MNLA is the landscape architect for Kathleen McCartney Hall at Smith College, the first outgrowth project from MNLA’s Landscape Master Plan. The new 15,000-square-foot student center is named after Smith’s eleventh president, and upon completion, will host the Lazarus Center for Career Development and the Wurtele Center for Leadership. Both the building and the landscape will host programs meant for student networking and campus leadership functions.

MNLA’s new network of paths winds through the site, providing universal access through this challenging topography and better connecting the beloved Paradise Pond to the heart of the campus. Outdoor rooms and performative landscapes are nestled into the crisscrossing paths. While creating tranquil settings to enjoy the pond, Smith’s longstanding conception of their landscape as a teaching and learning asset will be reinforced through didactic opportunities to engage with the project’s comprehensive hydrology system, which will improve water quality of the adjacent Mill River by maximizing stormwater retention and decreasing runoff.
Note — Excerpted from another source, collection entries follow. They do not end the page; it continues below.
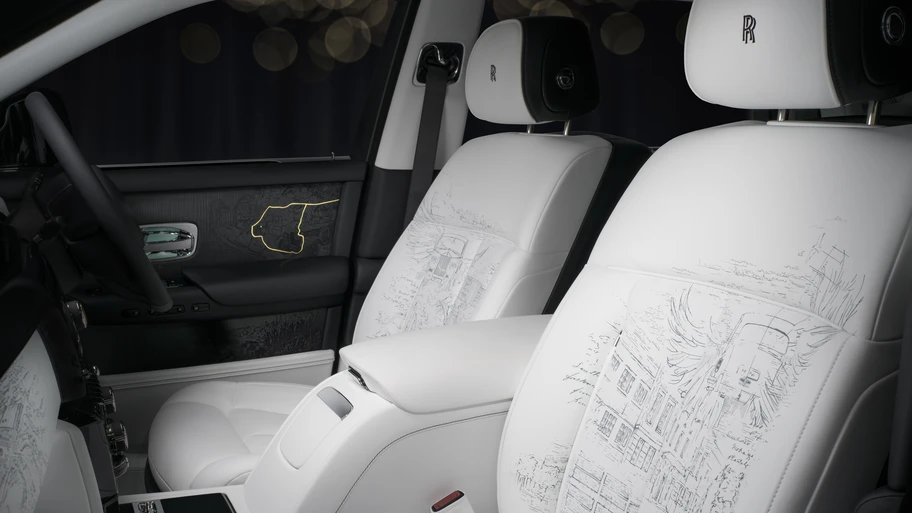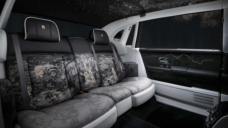 Los asientos traseros de Phantom Centenary están inspirados en el famoso ' Fantasma del Amor ' de 1926, encargado con tapices Aubusson tejidos a mano. La obra de arte de los asientos se despliega en tres capas narrativas todas impresas en alta resolución. La primera es el fondo, que muestra lugares y objetos de la historia del Phantom, desde las instalaciones originales de la marca en Conduit Street, Londres, hasta los óleos del sur de Francia de Henry Royce. La segunda retrata grandes Phantoms del pasado con gran detalle. La tercera está formada por bordados que representan de forma abstracta a siete propietarios importantes de cada generación del Phantom.
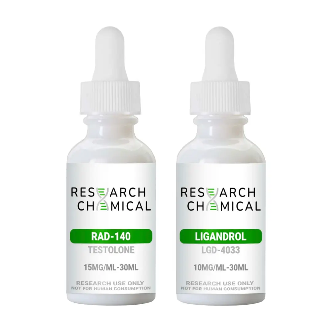This stack is used in preclinical settings to evaluate the combined effects of two selective androgen receptor modulators on muscle and bone tissue. Research is typically conducted in vitro or using non-human models.
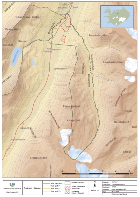 „Ég tel að landsvæðið sem ég hef umráð yfir uppfylli skilyrði sem verndarsvæði samkvæmt viðmiðum Alþjóðanáttúruverndarsambandsins. Málsmeðferð til skráningar svæðisins sem verndarsvæðis í flokki 1b, eða wilderness area, stendur nú yfir hjá helsta gagnabanka heims um verndarsvæði, World Database on Protected Areas, WDPA, sem rekinn er af Umhverfisstofnun Sameinuðu þjóðanna í samstarfi við Alþjóðanáttúruverndarsambandið. Ég á von á að skráningu ljúki fljótlega. Friðun óbyggðra víðerna er allströng friðun, en hún er talin eiga við á langstærstum hluta jarðarinnar Hóla og fer flokkunin eftir markmiðum verndunarinnar.“
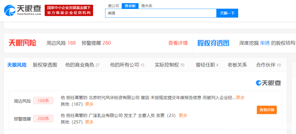 天眼查數據顯示,柴琇相關的周邊風險達188條,包括經營異常、股權出質以及法律訴訟等。同時,與柴琇相關的預警提醒達280條,包括其擔任高管公司的變更信息。
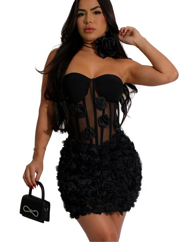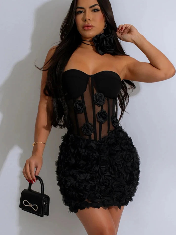 3D Flower See Through Strapless White Mini Dresses - black dress / XL- MUST HAVE| badpeople.it
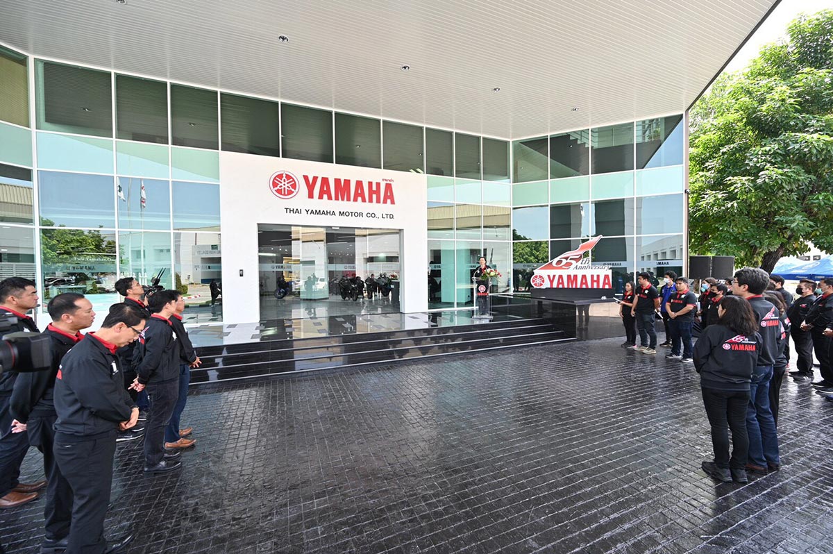 มร.เท็ตสึยะ โนซากิ ประธานกรรมการบริหาร พร้อมด้วย นายพงศธร เอื้อมงคลชัย รองประธานกรรมการบริหาร และคณะผู้บริหารระดับสูง บริษัท ไทยยามาฮ่ามอเตอร์ จำกัด ร่วมทำพิธีเปิดอาคารสำนักงานแห่งใหม่ของ ไทยยามาฮ่ามอเตอร์ ในวาระฉลองครบรอบ 65 ปีของ ยามาฮ่ามอเตอร์ ณ บริษัท ไทยยามาฮ่ามอเตอร์ จำกัด เมื่อเร็วๆ นี้

New and historic landscapes are stitched together while expressing Smith’s sustainability goals for the future.

The landscape design exemplifies many of MNLA’s Landscape Master Plan guidelines, including developing a sustainable system of planting typologies with the potential for replication across campus, specifically reducing non-essential lawn, introducing low-mow and meadow landscapes, providing showcase gardens to highlight the Botanic Garden mission, and creating landscapes for stormwater management. The pedestrian experience of the landscape is improved by providing universal access to all landscape spaces, connecting into the campus network, and removing parking from the campus core. The water quality of the Mill River is improved by decreasing stormwater run-off and maximizing the amount of stormwater captured on site with swales, green roofs, blue roofs, and permeable pavement.

 

The landscape design exemplifies many of MNLA’s Landscape Master Plan guidelines, including implementing sustainable land use and hydrologic systems.